IBM Support

QRadar: Validate the configuration database is sychnonized with replicationVerify.pl

Troubleshooting


Problem

You can use the replicationVerify.pl script to validate the QRadar configuration database is synchronized across the environment. This tool verifies that the replication process is working and the databases are the same on all managed hosts.

Cause

During incremental replication, changes are replicated from the Console to the Managed Hosts every minute, while a full replication happens every 2 hours. Since data can accumulate quickly on all managed hosts, tables not being fully replicated even after a full deploy is a common issue admins can face.

Diagnosing The Problem

You can search the qradar.error logs for evidence of the message "Database is out-of-sync with the console. We will attempt to begin with a full dump next interval" on the managed host in question to get an indication whether there are replication issues on the managed host.
  1. SSH into the QRadar console
  2. SSH into the affected managed host
  3. Run the following command to grep the error log for database-related errors.
    grep "Database is out-of-sync" /var/log/qradar.error

    Result
    If you see errors, this is a strong indication of replication errors. Running the replicationVerify.pl can help you diagnose the issue.

Resolving The Problem

The replicationVerify.pl script displays a list of tests and their results. This script gives a general idea of what is happening in the deployment with regards to replication.  To get more details about what is happening, you can run the script with a details flag "-d" or the debug option "-d -d".  If the script returns errors, see the Understanding the detailed output section for information on steps to address them.
  1. SSH into the QRadar console.
  2. Run the following command:
    /opt/qradar/support/replicationVerify.pl 

    Result
    The following is an example of a system with no errors:
    connecting to console DB
    Collecting list of managedhosts
    Gathering Console's table definitions for replicated tables
    Gathering Console's replication stored procedures
    Gathering Table Sizes of replicated tables on console
    checking console for Bloat [OK]
    comparing MH to console's replication setup
    x.x.x.x tests:
        comparing schema [OK]
        comparing counts [OK] comparing output of 'hostname -i' [OK]
        comparing Stored Procedures [OK]
        comparing table sizes [OK]
        checking for bloat [OK]
    The following is an example of a system with replication issues:
    connecting to console DB
    Collecting list of managedhosts
    Gathering Console's table definitions for replicated tables
    Gathering Console's replication stored procedures
    Gathering Table Sizes of replicated tables on console
    checking console for Bloat [OK]
    comparing MH to console's replication setup
    x.x.x.x tests:
        comparing schema [ERROR] 1 tables with different column config between console and MH
        comparing counts [WARN] 1 tables with different counts between Console and MH
        comparing output of 'hostname -i' [ERROR] hostname not proper in /etc/hosts for 192.168.12.41
        comparing Stored Procedures [ERROR] 1 differences in stored procedures
        comparing table sizes [WARN] 6 tables where the sizes are different
        checking for bloat [WARN] 1 tables with potential bloated 1 of 1 managed hosts had at least one problem with replication rerun the script with the -d option for more details on the problems use the --ip option to target the host(s) that had problems
    Note: If nothing is returned, try using the option "-d -d". If you see the warning "[WARN] No managed hosts. No need to test replication", your system might not have any managed hosts set up.

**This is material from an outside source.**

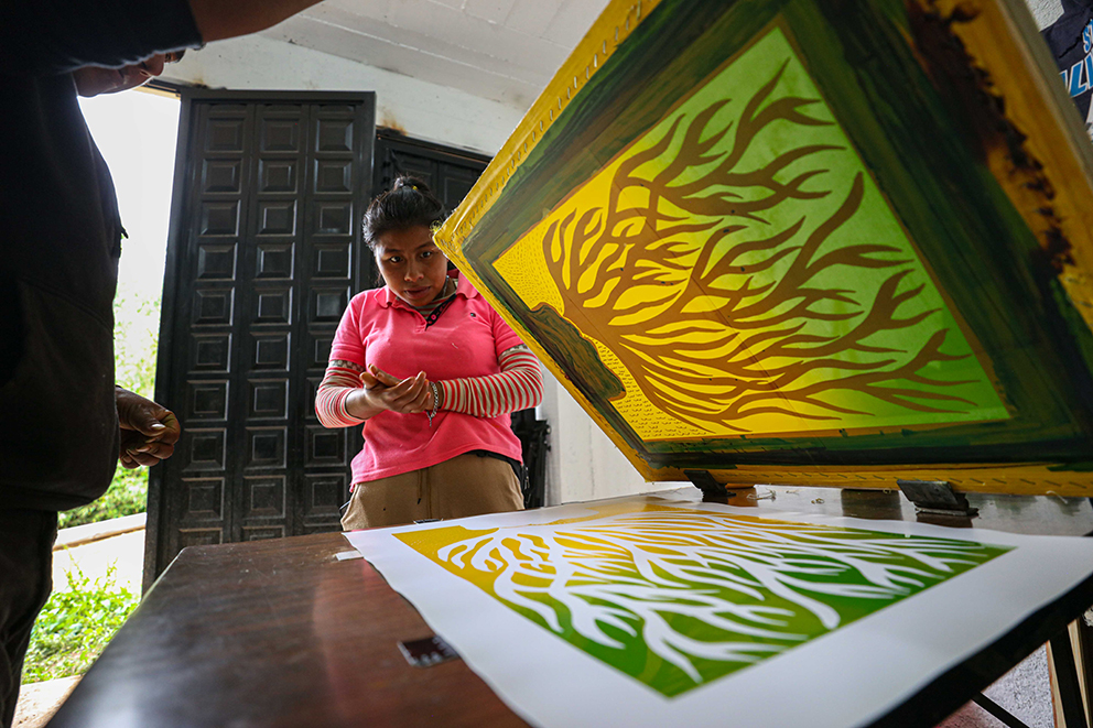 “La serigrafía es una buena manera de expresarse, de decir lo que sentimos. Sin hablar para las personas que a veces nos cuesta sacar las palabras, es una excelente manera de expresarnos. Estamos plasmando cosas de nuestra cultura. Estamos plasmando, palabras colores, símbolos, vestimenta, tradiciones. Plasmamos parte de nosotros”, reflexiona Víctor, quien también es integrante de la cooperativa.

Understanding the detailed output

1 Connecting to console DB Connecting to the console's database.
2 Collecting list of managedhosts Getting the list of the managed hosts to test against.
3 Gathering Console's table definitions for replicated tables Collecting the list of tables involved in the replication.
4 Gathering Console's replication stored procedures Collecting the stored procedures on the console.
5 Gathering Table Sizes of replicated tables on console Collecting the tables sizes for the console.
6 Checking the console for Bloat [OK] Checking the console for bloat.
7 Comparing MH to console's replication setup Most of the work starts here.
8 <IP address> tests The host being tested.
9 Comparing schema
[ERROR] columns for public.managedhost  do not match between MH and Console
[ERROR] console columns:
public managedhost
id NO bigint
ip NO character varying
hostname YES character varying
status NO character varying
isconsole NO boolean
appliancetype YES character varying
creationdate YES timestamp without time zone
updatedate YES timestamp without time zone
qradar_version NO character varying
primary_host YES bigint
secondary_host YES bigint
haoptions YES character varying
[ERROR] mh columns:
public managedhost
id NO integer
ip NO character varying
hostname YES character varying
status NO character varying
isconsole NO boolean
appliancetype YES character varying
creationdate YES timestamp without time zone
updatedate YES timestamp without time zone
qradar_version NO character varying
primary_host YES bigint
secondary_host YES bigint
haoptions YES character varying
[ERROR] 1 table with different column config between console and MH
The comparing schema test is complaining about the public.managedhost table. Next, it prints the summary of columns for both the console and the managed host. It requires a line by line comparison to see where the problem is. In this case, the id column is a bigint on the console, and it is an integer on the managed host.
This is likely caused by either a patch failing on one of the systems, or a system not patched. Verify all systems are at the same patch level.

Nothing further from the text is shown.